Media company in Hong Kong

Most Kwai Chung Limited (毛記葵涌有限公司) is a magazine and online media company based in Hong Kong. The company is well-known for owning and running popular satirical magazine 100Most and online media platform TVMost.

== Background ==
The company and the "Most" brand is founded by Roy Tsui, when he launched 100Most in 2013. The Chinese name of the brand, “Most” and “Mou Gei” (毛記) is a parody of Hong Kong television station TVB and its Cantonese name “Mou Sin” (無綫).

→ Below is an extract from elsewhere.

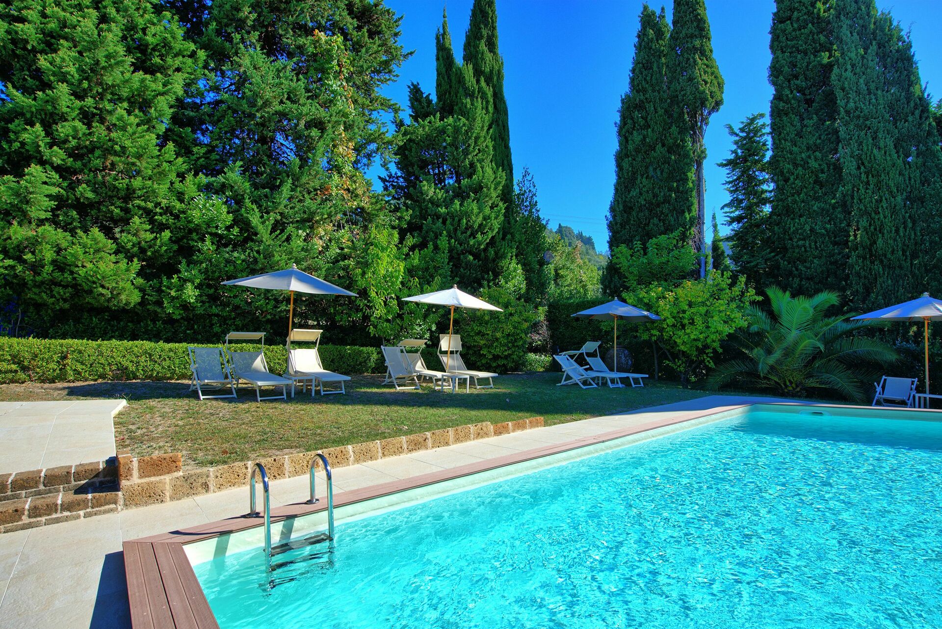 La villa è stata recentemente ristrutturata e dispone di arredi di pregio, pareti affrescate, pezzi unici d’arte e comfort di ogni genere. All’esterno un grande giardino (8000 m2) molto curato offre prati, giardini all’italiana, alberi da frutta (mandarini, aranci, kiwi, peri), fontane e una grande terrazza panoramica ed attrezzata che permette agli ospiti di mangiare all’aria aperta all’ombra di un grande gazebo. Gli ospiti possono inoltre usufruire di una bella piscina privata.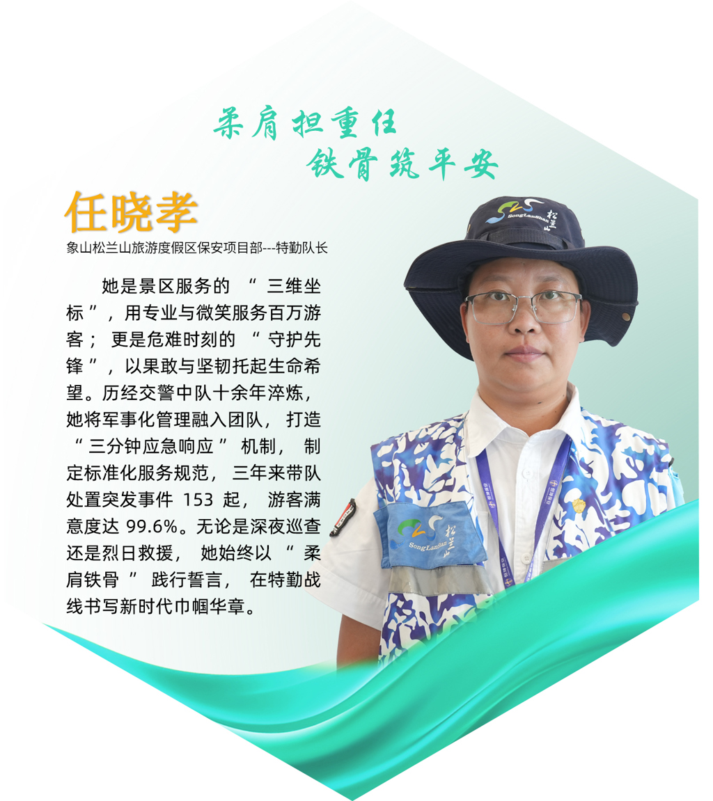 任晓孝,现任象山松兰山旅游度假区保安项目部特勤队长。十一年藏蓝生涯锻造的忠诚本色,让她在从交管协警转战景区安保时依然保持着警魂的铮铮铁骨。肩章虽换,初心未改,她用同样的严谨守护着不同的阵地,将雷厉风行的警队作风化作景区服务的温暖底色,让曾经的“警察...

The naming of the company trading name with the term "Kwai Chung", which is a district in Hong Kong, is because their headquarters is located in the Kwai Chung district, and that no other listed companies has added a New Territories area name into their trading name.

== History ==
The genesis of what would ultimately become Most Kwai Chung Limited was "Blackpaper Limited", formed in 2009 by song lyricist Tsui Ka-Ho (徐家豪) (pen name Lam Yat-hei (林日曦), Iu Kar-ho (姚家豪) (pen name "Ah Bu" (阿Bu)), and Luk Ka-chun (陸家俊) (pen name "Chan Keung" (陳強 (主持人)).

Its founding publication, "Black Paper" (黑紙), was originally a monthly issue consisting of a single-interview article crammed into an A5-size postcard and originally sold for HK$1 each. From that, "Black Paper" expanded into more regular short video interviews or topics from 2012 until the end of 2016. They were targeted at the young adult audience and known for being brief, punchy and to the point.

From these origins, and from the same creators, came numerous sister publications - all of which proved popular with the same young demographics.

- The satirical weekly magazine "100Most" from 2013 until 2018;

- Its video platform "TVMost", its most successful venture, was established in 2015 to harness the rapidly growing power of internet video publication, streaming and social media with sarcastic videos of a very Hong Kong flavour, sometimes even imitating TVB’s shows;.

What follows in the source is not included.